Sultanbayeva et al. (2025) ont réalisé une méta-analyse portant sur 17 études et 7110 yeux, examinant le taux de succès du sondage par tranche d’âge. 3) Le taux global était de 90,67 % pour les 0 à 6 mois (95,42 % sous anesthésie générale, 88,82 % sous anesthésie locale), 85,18 % pour les 6 à 12 mois, 82,34 % pour les 12 à 24 mois, et tombait à 63,47 % pour les plus de 48 mois. La certitude des preuves a été jugée faible dans tous les sous-groupes.

Farat et al. (2021) ont réalisé une méta-analyse de 4 essais contrôlés randomisés (423 patients) et n’ont trouvé aucune différence significative dans le taux de résolution entre le sondage précoce et tardif (RR 1,00 ; p=0,99). 2) En revanche, l’étude PEDIG a montré que le sondage précoce était plus rentable (562 $ contre 701 $).

Diffusion du sondage assisté par endoscopie des voies lacrymales

Section intitulée « Diffusion du sondage assisté par endoscopie des voies lacrymales »

Par rapport au sondage aveugle conventionnel, la réalisation sous guidage endoscopique est envisagée. 1) L’utilisation de l’endoscope lacrymal permet l’observation directe du site d’obstruction, ce qui devrait réduire le risque de lésions iatrogènes et améliorer le taux de succès. Les établissements capables de l’utiliser chez les enfants sont actuellement très limités, et sa diffusion future est un défi. 4)

L’application de mitomycine C sur le site d’anastomose est étudiée pour améliorer le taux de succès de la DCR endoscopique. 1) On attend un effet préventif contre la formation de granulomes et l’obstruction cicatricielle, mais des données supplémentaires sont nécessaires sur la sécurité à long terme.

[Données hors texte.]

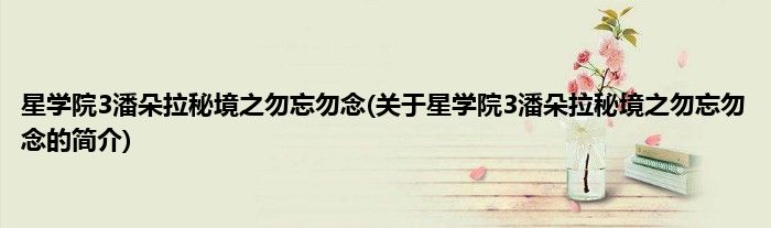 大家好,星学院3潘朵拉秘境之勿忘勿念,关于星学院3潘朵拉秘境之勿忘勿念的简介很多人还不知道,现在让我们一起来看看吧!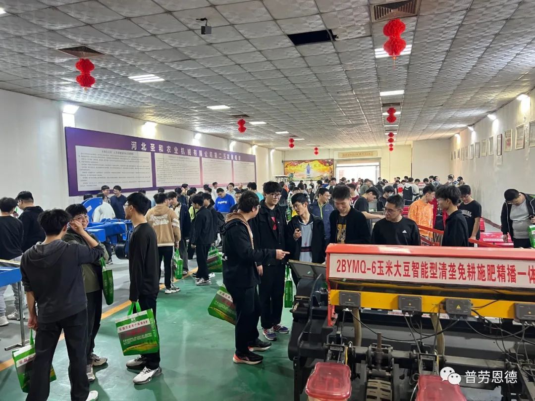 在2022年8月底,河北圣和農業機械有限公司受河北農業大學邀請,合作舉辦“研究生與本科生走近農機,深入了解農機產品實踐活動”,當時受新冠疫情影響,采取線上視頻直播形式舉辦分享圣和農機的產品與圣和公司發展的概況。本次河北農大機電工程學院學院郝建軍副院長、趙樹鵬副院長等領導與師生到圣和實踐參觀考察,學生們對圣和的產品與公司的發展有了更深入的體驗與了解,并對圣和生產工藝贊不絕口,紛紛表示受益匪淺。

  1. Blaszczyk K, Biedka K, Estreicher A, et al. Congenital Nasolacrimal Duct Obstruction: Natural Course, Diagnosis and Therapeutic Strategies. J Clin Med. 2025;14(11):3716.
  2. Farat JG, Schellini SA, El Dib R, et al. Probing for congenital nasolacrimal duct obstruction: a systematic review and meta-analysis of randomized clinical trials. Arq Bras Oftalmol. 2021;84(1):91-98.
  3. Sultanbayeva Z, Dzhumabekov A, Aldasheva N, et al. A Systematic Review and Meta-Analysis of the Success Rate of the Primary Probing in Pediatric Patients with Congenital Nasolacrimal Duct Obstruction in Different Age Groups. Medicina. 2025;61(8):1432.